Areeta is an underground station on line 1 of the Bilbao metro. It is located in the neighborhood of Areeta, in the municipality of Getxo. The station opened as part of the metro on 11 November 1995, replacing an older overground station.

History 
The station, then known as Las Arenas, first opened to the public in 1887 as the western terminus of the Bilbao-Las Arenas railway. It was an at-grade station, covered by a large train shed. The station was originally built as a cul-de-sac, but after the extension of the line to Plentzia in 1893, it was renovated as trains continued along the coast past the station. The station had two side platforms and was one of the most important train stations of the entire railway.

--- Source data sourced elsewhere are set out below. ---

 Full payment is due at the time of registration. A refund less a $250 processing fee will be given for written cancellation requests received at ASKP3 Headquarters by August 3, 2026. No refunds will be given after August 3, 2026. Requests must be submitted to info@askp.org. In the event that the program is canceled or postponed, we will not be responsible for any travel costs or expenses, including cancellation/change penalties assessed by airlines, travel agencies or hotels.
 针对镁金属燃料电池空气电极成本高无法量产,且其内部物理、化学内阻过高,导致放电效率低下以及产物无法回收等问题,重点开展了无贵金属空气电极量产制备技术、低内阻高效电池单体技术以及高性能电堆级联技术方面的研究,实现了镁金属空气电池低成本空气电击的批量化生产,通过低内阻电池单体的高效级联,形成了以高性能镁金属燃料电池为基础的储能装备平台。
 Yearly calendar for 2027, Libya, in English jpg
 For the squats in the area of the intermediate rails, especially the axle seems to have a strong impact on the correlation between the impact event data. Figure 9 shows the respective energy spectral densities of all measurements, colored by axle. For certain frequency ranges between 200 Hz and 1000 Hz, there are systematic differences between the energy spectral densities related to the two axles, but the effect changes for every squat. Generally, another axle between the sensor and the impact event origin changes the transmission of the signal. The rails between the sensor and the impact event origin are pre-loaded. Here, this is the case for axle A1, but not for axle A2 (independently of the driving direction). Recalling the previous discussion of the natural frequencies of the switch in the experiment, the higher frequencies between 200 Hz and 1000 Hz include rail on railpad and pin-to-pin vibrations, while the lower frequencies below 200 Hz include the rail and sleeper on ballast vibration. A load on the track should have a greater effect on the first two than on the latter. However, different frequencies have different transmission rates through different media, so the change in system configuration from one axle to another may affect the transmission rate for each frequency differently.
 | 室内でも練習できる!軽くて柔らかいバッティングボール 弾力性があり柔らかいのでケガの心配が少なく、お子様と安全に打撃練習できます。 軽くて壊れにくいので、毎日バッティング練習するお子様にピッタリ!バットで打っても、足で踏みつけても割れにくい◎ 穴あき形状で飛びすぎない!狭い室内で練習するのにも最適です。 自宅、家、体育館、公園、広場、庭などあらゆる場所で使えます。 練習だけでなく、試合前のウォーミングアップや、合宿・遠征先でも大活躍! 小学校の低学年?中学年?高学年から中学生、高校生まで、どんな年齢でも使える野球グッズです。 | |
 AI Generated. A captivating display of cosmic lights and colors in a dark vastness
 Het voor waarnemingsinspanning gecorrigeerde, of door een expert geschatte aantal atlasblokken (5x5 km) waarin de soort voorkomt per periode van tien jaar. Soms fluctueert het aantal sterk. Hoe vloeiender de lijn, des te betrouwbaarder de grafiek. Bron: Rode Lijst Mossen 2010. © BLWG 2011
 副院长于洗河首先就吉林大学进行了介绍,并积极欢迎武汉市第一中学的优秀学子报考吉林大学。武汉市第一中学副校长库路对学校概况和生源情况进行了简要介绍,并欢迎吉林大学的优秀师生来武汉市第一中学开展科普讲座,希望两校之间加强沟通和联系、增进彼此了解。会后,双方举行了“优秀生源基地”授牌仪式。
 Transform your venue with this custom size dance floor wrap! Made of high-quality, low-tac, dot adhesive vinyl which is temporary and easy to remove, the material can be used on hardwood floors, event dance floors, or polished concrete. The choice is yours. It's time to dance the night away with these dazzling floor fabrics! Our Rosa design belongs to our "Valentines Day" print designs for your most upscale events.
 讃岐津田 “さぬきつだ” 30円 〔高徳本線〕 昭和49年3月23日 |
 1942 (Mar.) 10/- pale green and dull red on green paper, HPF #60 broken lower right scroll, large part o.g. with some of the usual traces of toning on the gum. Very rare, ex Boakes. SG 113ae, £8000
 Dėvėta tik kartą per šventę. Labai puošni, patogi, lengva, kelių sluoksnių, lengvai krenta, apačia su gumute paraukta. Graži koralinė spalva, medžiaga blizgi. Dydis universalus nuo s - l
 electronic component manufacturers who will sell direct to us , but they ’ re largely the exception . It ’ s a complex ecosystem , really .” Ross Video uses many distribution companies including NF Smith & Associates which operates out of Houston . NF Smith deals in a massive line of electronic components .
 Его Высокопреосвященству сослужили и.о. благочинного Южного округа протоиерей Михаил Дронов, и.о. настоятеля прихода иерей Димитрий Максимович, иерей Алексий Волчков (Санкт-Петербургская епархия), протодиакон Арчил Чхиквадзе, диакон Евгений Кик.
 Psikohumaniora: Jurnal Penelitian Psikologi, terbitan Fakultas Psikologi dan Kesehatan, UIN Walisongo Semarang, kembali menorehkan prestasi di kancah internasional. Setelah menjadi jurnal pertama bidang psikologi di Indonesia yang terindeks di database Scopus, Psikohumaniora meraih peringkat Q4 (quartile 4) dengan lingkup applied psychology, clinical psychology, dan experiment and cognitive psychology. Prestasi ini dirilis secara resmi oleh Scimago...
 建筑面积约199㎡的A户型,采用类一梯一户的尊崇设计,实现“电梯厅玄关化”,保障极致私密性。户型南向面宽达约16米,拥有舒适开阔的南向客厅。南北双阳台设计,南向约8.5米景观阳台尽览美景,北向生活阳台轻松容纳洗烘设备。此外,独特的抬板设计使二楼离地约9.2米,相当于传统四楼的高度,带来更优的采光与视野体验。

Starting in 1947, the narrow-gauge railway companies that operated within the Bilbao metropolitan area were merged to become Ferrocarriles y Transportes Suburbanos, shortened FTS and the first precedent of today's Bilbao metro. In 1977, the FTS network was transferred to the public company FEVE and in 1982 to the recently created Basque Railways. In the 1980s it was decided the station, just like most of the former railway line, would be integrated into line 1 of the metro, with the new station opening underground now as part of the metro network on 11 November 1995.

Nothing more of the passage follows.